2 clusters doesn't look too bad! Now let's try to extract the gaussians from the model

In [None]:
#function to plot a contour
def plot_contour(ax,center,cov,lvls=3,cmap='viridis'):
    '''
    ax:     matplotlib axis that you want the contour to be plotted on
    center: array of mean of gaussian [x_mean,ymean]
    cov:    covariance matrix
    sig:    int, number of contours to plot
    cmap:   Matplotlib color map
    '''
    x = np.arange(-21, -14, .1)
    y = np.arange(0, 120, .1)
    X, Y = np.meshgrid(x, y)
    xhat=center[0]
    yhat=center[1]
    sigx=cov[0][0]
    sigy=cov[1][1]
    A=(X-xhat)**2/((2*sigx)**2) #Ignoring covariance
    B=(Y-yhat)**2/(2*sigy**2)
    Z=np.exp(-(A+B))
    ax.contour(X, Y, Z,levels=lvls-1,linestyles='dashed',cmap=cmap)

In [None]:
#To do: Plot the contours of the gaussians found by the model over the data
fig,ax=plt.subplots(figsize=(8,6))
model=GaussianMixture(n_components=...).fit(feature_data) #Use feature data instead of scaled data 
mean=...
cov=...
ax.scatter(SN1a_data['peakabs'],SN1a_data['fade'],label='SN Ia',s=5)
ax.scatter(SN2_data['peakabs'],SN2_data['fade'],label='SN II',s=5)
ax.set_title('True Classes')
plot_contour(...)
plot_contour(...)
ax.legend()

## Wrap up

Here is a plot showing all 3 algorithms at once.
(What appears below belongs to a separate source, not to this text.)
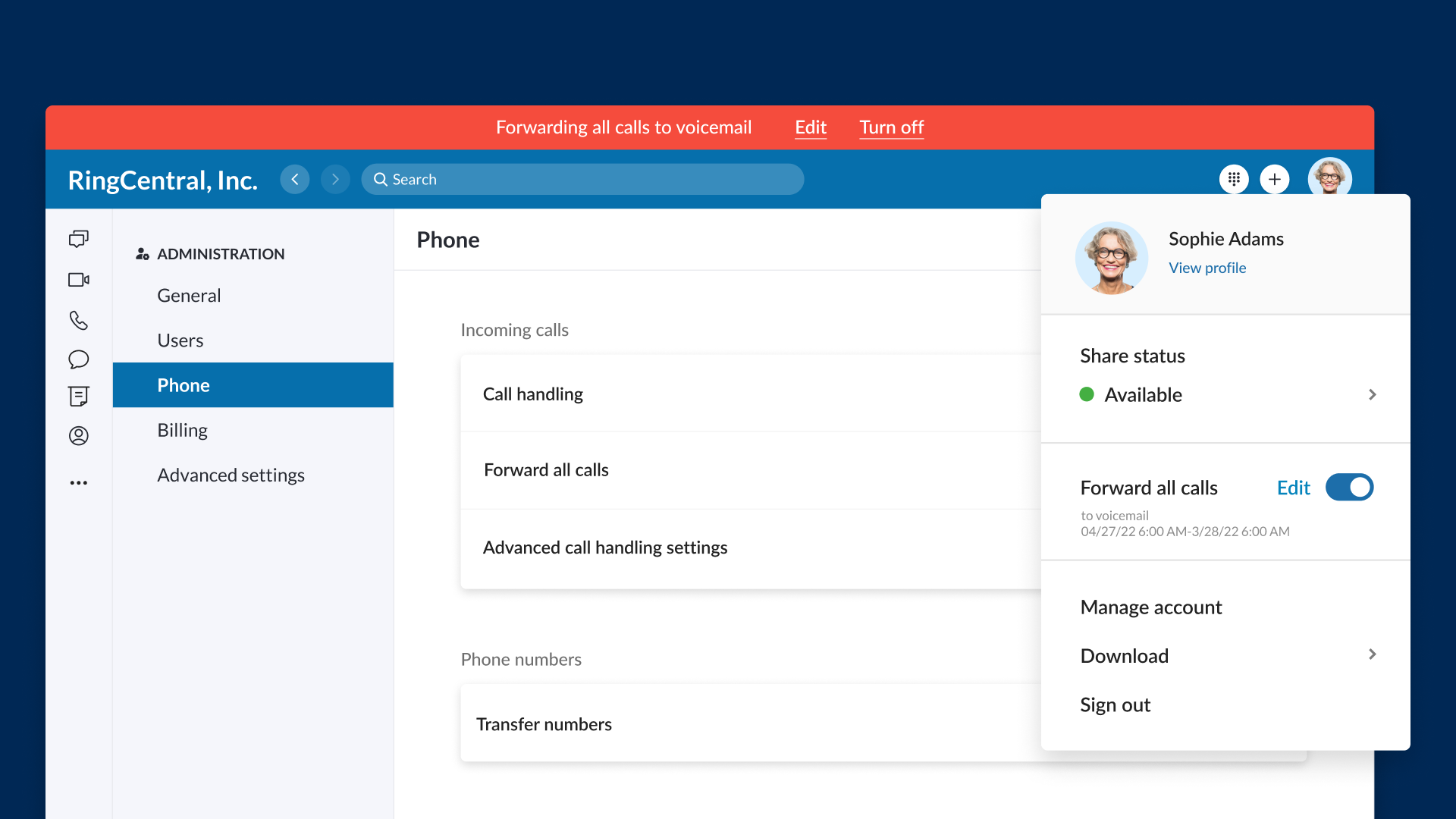 Similar to out-of-office auto-reply emails, your RingCentral phone can automatically forward your calls for you. This is available on both mobile and desktop.
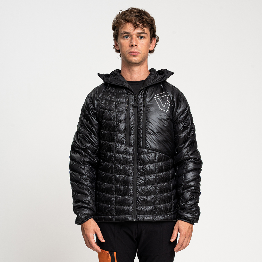 L’imbottitura è in Air Flake, un materiale 100% riciclato, altamente termico, leggero e ad asciugatura rapida. La vestibilità è studiata per accompagnare ogni movimento, con polsini elastici, cappuccio bordato in lycra e una coulisse regolabile sul fondo per un fit sempre preciso.

I hope you all have learned when each one can be used as well as the advantages and disadvantages of each!

In [None]:
fig,axs=plt.subplots(2,2,figsize=(8,6))
axs=axs.flatten()
axs[0].scatter(SN1a_data['peakabs'],SN1a_data['fade'],label='SN Ia',s=5)
axs[0].scatter(SN2_data['peakabs'],SN2_data['fade'],label='SN II',s=5)
axs[0].set_title('True Classes')
axs[0].legend()


kmeans_model=KMeans(n_clusters=2).fit(scaled_data)
axs[1].scatter(feature_data['peakabs'],feature_data['fade'],c=kmeans_model.predict(scaled_data),s=5)
axs[1].set_title('Kmeans')



gmm_model=GaussianMixture(n_components=2).fit(scaled_data)
axs[2].scatter(feature_data['peakabs'],feature_data['fade'],c=gmm_model.predict(scaled_data),s=5)
axs[2].set_title('GMM')

db=DBSCAN(eps=0.15,min_samples=7).fit(scaled_data)
axs[3].scatter(feature_data['peakabs'],feature_data['fade'],c=db.labels_,s=5,cmap='turbo')
axs[3].set_title('DBSCAN')
plt.tight_layout()

## Bonus
Try your hand at these 2 things! 
1) Compute an accuracy for the various methods. Typically, you wouldn't know the classes in an unsupervised problem but we do here. See how they performed! 
2) Use different "important" features and see what they look like.